Ah, it seems someone here has a personal issue that might be better resolved out back.
 
Thanks for all the great responses folks, it seems like my dream of making a few bucks off of selling a few guitars won't work.

I am more of a woodworker than a guitar player but making a neck seems out of my league when it comes to frets. and how exact the neck connection must be.

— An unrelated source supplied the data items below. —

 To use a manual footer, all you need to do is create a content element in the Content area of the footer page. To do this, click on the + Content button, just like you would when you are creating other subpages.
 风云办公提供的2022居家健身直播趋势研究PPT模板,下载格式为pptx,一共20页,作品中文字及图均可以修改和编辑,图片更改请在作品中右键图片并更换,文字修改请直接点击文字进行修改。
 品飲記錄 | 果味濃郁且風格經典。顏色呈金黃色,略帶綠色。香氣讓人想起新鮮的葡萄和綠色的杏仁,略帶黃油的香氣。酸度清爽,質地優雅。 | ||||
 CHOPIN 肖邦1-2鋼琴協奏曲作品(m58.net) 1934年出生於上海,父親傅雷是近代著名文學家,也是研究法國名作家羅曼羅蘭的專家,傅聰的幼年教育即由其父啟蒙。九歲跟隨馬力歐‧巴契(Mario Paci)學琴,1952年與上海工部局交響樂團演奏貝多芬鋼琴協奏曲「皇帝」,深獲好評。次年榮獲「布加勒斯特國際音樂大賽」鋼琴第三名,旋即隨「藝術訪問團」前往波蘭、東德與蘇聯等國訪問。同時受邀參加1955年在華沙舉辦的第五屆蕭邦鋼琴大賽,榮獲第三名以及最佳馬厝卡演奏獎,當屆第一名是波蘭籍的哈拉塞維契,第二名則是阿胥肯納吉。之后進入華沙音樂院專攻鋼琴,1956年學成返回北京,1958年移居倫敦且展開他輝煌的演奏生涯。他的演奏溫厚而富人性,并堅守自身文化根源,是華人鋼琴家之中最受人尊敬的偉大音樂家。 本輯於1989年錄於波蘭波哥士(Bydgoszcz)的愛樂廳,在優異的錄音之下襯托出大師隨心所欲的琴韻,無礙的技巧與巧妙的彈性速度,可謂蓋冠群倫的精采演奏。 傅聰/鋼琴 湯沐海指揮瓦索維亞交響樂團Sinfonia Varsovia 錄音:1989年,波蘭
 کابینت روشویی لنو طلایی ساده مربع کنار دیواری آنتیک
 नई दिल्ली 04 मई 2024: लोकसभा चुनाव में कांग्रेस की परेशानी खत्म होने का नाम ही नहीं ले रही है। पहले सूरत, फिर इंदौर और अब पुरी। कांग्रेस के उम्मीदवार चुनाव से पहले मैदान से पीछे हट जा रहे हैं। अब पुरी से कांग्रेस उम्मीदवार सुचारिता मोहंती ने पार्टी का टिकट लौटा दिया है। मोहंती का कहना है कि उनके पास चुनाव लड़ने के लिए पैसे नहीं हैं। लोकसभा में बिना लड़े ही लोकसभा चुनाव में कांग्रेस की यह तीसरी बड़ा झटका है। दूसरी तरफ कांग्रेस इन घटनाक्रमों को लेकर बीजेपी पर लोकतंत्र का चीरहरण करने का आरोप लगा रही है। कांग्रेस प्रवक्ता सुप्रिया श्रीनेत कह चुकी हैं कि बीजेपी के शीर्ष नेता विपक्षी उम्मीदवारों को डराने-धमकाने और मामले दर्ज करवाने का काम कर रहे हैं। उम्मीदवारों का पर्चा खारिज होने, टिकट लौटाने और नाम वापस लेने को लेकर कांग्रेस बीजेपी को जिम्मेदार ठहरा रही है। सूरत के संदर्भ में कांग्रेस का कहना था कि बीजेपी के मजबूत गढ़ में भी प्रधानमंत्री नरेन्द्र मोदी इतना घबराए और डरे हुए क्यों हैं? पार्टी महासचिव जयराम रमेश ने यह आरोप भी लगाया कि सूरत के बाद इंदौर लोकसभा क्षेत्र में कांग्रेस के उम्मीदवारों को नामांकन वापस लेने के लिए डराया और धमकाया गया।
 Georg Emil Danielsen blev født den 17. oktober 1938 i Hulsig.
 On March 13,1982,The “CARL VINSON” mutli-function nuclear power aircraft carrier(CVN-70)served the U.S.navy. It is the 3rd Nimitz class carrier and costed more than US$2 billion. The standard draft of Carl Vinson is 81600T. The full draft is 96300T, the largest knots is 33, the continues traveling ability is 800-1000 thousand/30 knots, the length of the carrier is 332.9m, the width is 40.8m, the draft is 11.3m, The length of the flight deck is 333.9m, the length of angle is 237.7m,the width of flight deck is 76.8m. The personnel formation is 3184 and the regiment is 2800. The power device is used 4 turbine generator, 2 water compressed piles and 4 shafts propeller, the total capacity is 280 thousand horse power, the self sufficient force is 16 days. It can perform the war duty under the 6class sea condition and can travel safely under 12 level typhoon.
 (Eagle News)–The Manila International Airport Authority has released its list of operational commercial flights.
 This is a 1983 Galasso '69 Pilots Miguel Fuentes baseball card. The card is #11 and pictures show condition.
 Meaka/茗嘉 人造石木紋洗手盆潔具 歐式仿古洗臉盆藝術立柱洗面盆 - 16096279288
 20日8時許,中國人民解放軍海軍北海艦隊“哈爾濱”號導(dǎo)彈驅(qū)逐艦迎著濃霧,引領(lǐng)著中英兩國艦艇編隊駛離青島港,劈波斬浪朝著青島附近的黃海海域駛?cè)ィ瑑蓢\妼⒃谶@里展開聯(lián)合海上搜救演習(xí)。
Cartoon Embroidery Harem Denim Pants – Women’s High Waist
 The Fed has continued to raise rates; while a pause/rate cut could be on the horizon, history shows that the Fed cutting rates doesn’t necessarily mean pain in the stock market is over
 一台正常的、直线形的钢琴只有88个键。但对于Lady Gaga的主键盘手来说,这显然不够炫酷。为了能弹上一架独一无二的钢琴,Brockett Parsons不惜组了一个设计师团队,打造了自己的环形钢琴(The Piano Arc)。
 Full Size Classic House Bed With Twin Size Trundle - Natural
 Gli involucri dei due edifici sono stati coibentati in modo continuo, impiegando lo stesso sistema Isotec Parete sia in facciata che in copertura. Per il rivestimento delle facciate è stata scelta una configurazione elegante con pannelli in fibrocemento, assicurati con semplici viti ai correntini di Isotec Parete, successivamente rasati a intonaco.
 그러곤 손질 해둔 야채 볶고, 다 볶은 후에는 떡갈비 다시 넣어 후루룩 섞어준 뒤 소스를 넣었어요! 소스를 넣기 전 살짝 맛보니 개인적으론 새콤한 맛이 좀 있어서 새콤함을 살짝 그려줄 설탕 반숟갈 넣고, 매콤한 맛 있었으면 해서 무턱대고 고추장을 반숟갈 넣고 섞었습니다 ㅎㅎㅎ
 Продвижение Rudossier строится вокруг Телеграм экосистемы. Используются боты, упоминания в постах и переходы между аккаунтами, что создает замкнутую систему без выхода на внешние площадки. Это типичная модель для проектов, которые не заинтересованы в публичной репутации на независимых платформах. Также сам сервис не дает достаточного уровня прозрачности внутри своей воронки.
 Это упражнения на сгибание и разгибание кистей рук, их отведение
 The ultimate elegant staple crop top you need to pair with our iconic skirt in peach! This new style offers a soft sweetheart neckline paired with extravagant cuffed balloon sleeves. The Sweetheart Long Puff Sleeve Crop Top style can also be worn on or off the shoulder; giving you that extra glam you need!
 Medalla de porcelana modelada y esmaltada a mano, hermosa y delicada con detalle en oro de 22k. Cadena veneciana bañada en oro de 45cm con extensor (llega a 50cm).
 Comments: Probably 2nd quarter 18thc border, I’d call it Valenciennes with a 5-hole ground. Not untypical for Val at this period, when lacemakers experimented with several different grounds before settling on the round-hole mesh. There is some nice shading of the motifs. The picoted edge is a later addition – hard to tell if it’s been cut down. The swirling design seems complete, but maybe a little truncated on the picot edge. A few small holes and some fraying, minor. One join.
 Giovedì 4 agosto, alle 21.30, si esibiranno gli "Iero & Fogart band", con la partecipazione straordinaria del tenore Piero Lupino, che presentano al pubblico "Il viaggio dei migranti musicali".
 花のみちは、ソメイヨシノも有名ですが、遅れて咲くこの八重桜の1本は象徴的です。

I really enjoyed making the body for this guitar and my daughter also helped a lot and we bot really learned a great deal.

Steve

 
Equinox said:
Thanks for all the great responses folks, it seems like my dream of making a few bucks off of selling a few guitars won't work.

I am more of a woodworker than a guitar player but making a neck seems out of my league when it comes to frets. and how exact the neck connection must be.

I really enjoyed making the body for this guitar and my daughter also helped a lot and we bot really learned a great deal.

Steve

it could work.. but you'd have to do every bit of production yourself. wont do it at warmoth prices unless you get some big time brand recognition. there are builders that use warmoth as a supplier but people know who they are.

now if you have some capital and can build a kiln and a gantry style cnc router, learn to program it, get a planer, and various sanders and a couple employees and stock up with lot premium wood you might find that you can produce parts for very little and might make a killing on ebay selling bodies for under $100. but it's a lot of investment of time unless you just do bodies and buy wood that is pre-dried and milled. but then your material costs go up.... there are guys doing it with cnc gantry routers making a living on ebay but they probably have a ton of time on their hands. i say just bodies because necks need several different processes to go through so unless you gang things up and do 5-10 at a time. 1 step at a time you'd lose a lot going from one process to another. you probably wouldn't have 1 neck out in a day but you could maybe have 15 necks done in a week if you group together the type of work..

a lot of people try the cnc router thing but don't put enough into the design and have high expectations that the machine can't deliver. wood can be cut at speeds up to 400ipm (maybe more) which is really fast. a router at this speed could knock out a body in under an hour including setup times for the different fixtures in a well tuned production shop.
 
Equinox said:
Thanks for all the great responses folks, it seems like my dream of making a few bucks off of selling a few guitars won't work.

I am more of a woodworker than a guitar player but making a neck seems out of my league when it comes to frets. and how exact the neck connection must be.

I really enjoyed making the body for this guitar and my daughter also helped a lot and we bot really learned a great deal.

Steve

Like I said previously, there's a handful of people who just make raw bodies and let their customers finish them.  Perhaps if you just focus on exotic woods and hand pick your stock, you could find your niche.